Begin with the line below holding "金至福品牌创立于1988年,源自香港,是" and go on through the line holding "I made this", duplicating each line exactly and leaving out pictures.

Listed entries =

---------------

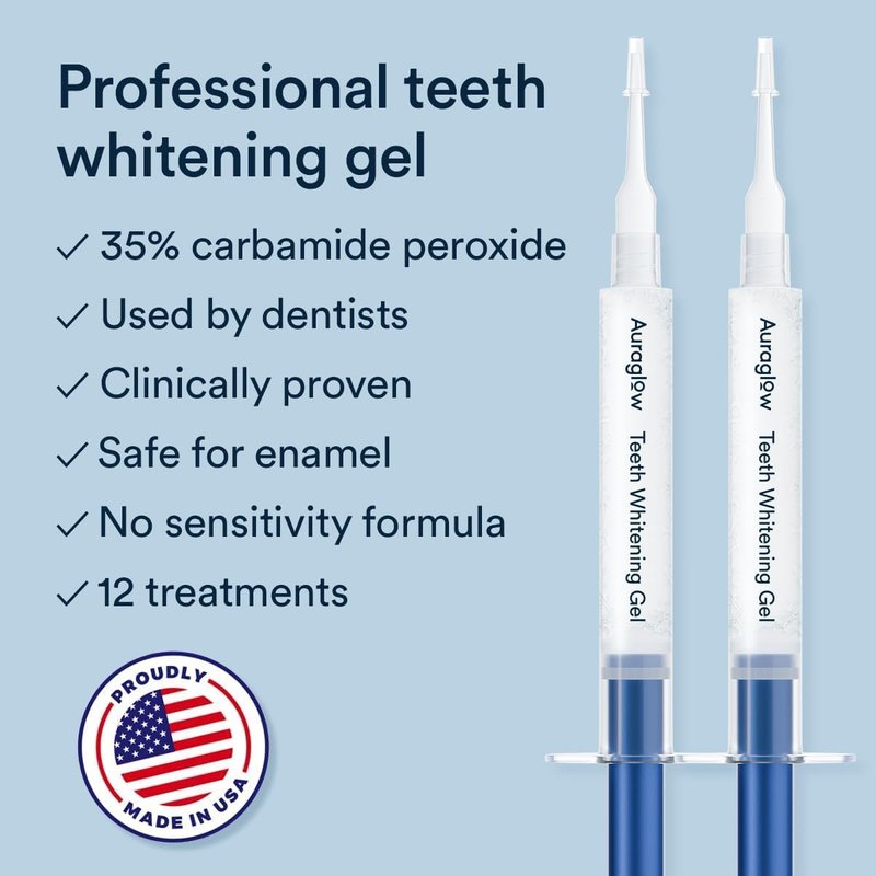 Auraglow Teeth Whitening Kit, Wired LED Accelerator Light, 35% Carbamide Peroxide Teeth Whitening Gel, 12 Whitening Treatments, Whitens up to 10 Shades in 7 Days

---------------

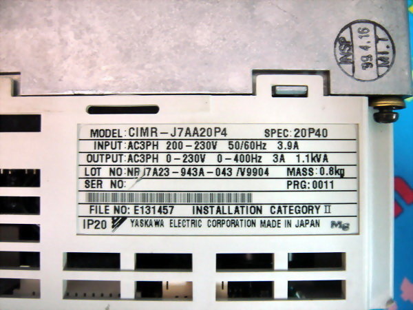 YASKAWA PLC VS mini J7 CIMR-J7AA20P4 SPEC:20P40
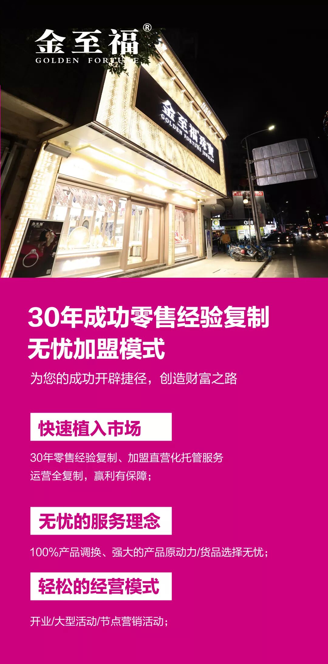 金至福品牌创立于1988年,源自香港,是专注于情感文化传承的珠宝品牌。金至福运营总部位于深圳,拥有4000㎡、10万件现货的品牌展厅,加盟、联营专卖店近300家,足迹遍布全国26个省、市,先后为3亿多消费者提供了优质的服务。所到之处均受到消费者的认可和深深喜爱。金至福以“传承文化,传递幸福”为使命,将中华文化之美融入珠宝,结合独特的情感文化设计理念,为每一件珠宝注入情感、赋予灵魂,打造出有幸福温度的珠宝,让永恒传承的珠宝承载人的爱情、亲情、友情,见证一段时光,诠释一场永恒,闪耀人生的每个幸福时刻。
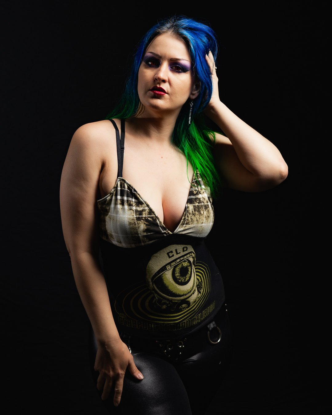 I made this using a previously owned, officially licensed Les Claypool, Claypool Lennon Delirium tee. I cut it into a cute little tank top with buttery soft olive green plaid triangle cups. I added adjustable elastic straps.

---------------

Result of this task =
 金至福品牌创立于1988年,源自香港,是专注于情感文化传承的珠宝品牌。金至福运营总部位于深圳,拥有4000㎡、10万件现货的品牌展厅,加盟、联营专卖店近300家,足迹遍布全国26个省、市,先后为3亿多消费者提供了优质的服务。所到之处均受到消费者的认可和深深喜爱。金至福以“传承文化,传递幸福”为使命,将中华文化之美融入珠宝,结合独特的情感文化设计理念,为每一件珠宝注入情感、赋予灵魂,打造出有幸福温度的珠宝,让永恒传承的珠宝承载人的爱情、亲情、友情,见证一段时光,诠释一场永恒,闪耀人生的每个幸福时刻。
 I made this using a previously owned, officially licensed Les Claypool, Claypool Lennon Delirium tee. I cut it into a cute little tank top with buttery soft olive green plaid triangle cups. I added adjustable elastic straps.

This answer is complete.